Abstract: The article examines the formation and development of the Medieval Georgian society’s perception of its surrounding world and outside areas, of Georgia itself and its frontiers, of contiguous countries and other geographical regions. The author takes into close consideration the questions of the formation in the Early Middle Ages of the idea of Georgian statehood and its later development. The basis for this research are the Georgian, Greek, Latin, eastern narrative sources and documents (medieval hagiographical, historical and geographical sources, and also the writings of Georgian travelers of the Later Middle Ages), and linguistic and ethnographic information. The author’s research methodology is founded on a complex critical analysis of the terms used to designate settlements, and of the ethnographical and political nomenclature. The comparative historical method is also used. The author comes to the conclusion that the main factor in the formation and development process of the Medieval Georgian society’s worldview was Christianity.
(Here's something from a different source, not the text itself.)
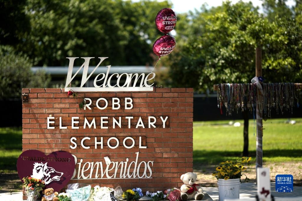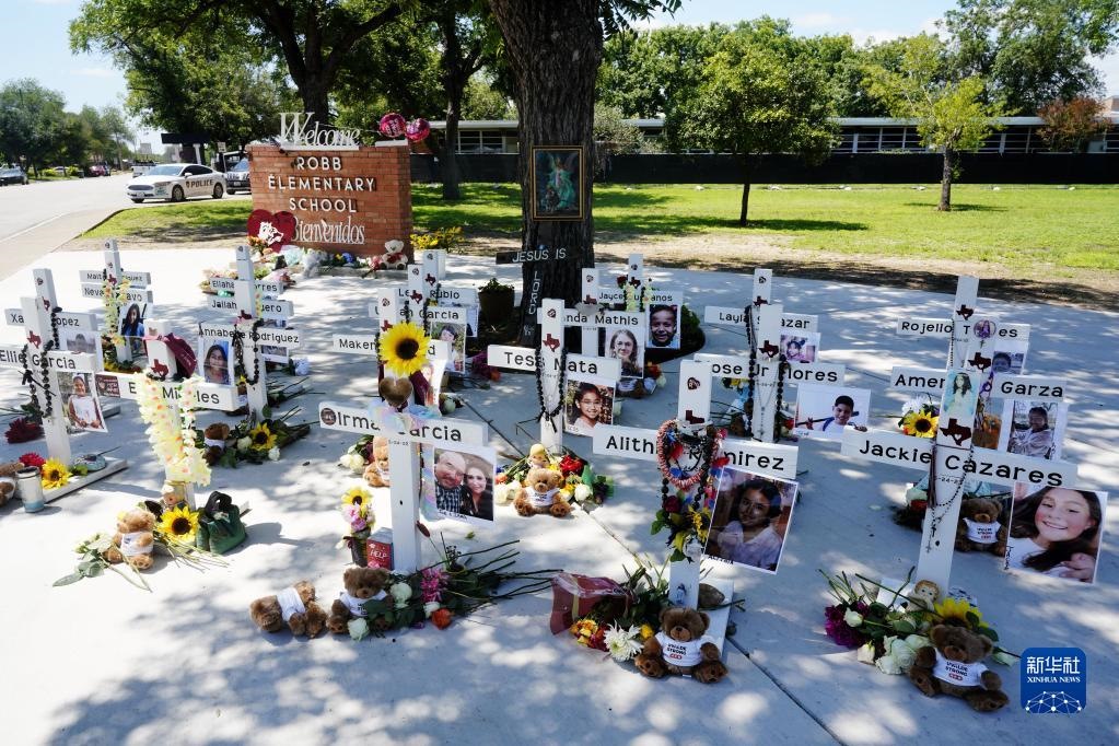 5月24日,美國(guó)得克薩斯州小城尤瓦爾迪的原羅布小學(xué)外擺放著悼念槍擊遇害者的物品。

The confessional affiliation of the population, and not its real geographic location, defined its definition of the characteristics of other regions and countries. The author notes a change in terms denoting various ethnic elements, from narrow ethnic to wider ethnopolitical and ethnoconfessional notions. The concept of statehood was also associated with the Christian worldview: the state of Georgia (“all of Kartli”) was understood to be a country where divine service was read in the Georgian language. This took place at the same time as the merging process of identifying the ethnogeographical frontiers of the spreading Kartvelic ethnic element with the ecclesiastical-administrative frontiers of the Georgian Church, and with the political-administrative boundaries of the Georgian government.


Keywords:

ethnographical zones, Christianity, Georgian written sources, Abazgia, Georgia, Black Sea coast, Byzantine Pontos, history, ethnogeographical nomenclature, the idea of Georgian statehood.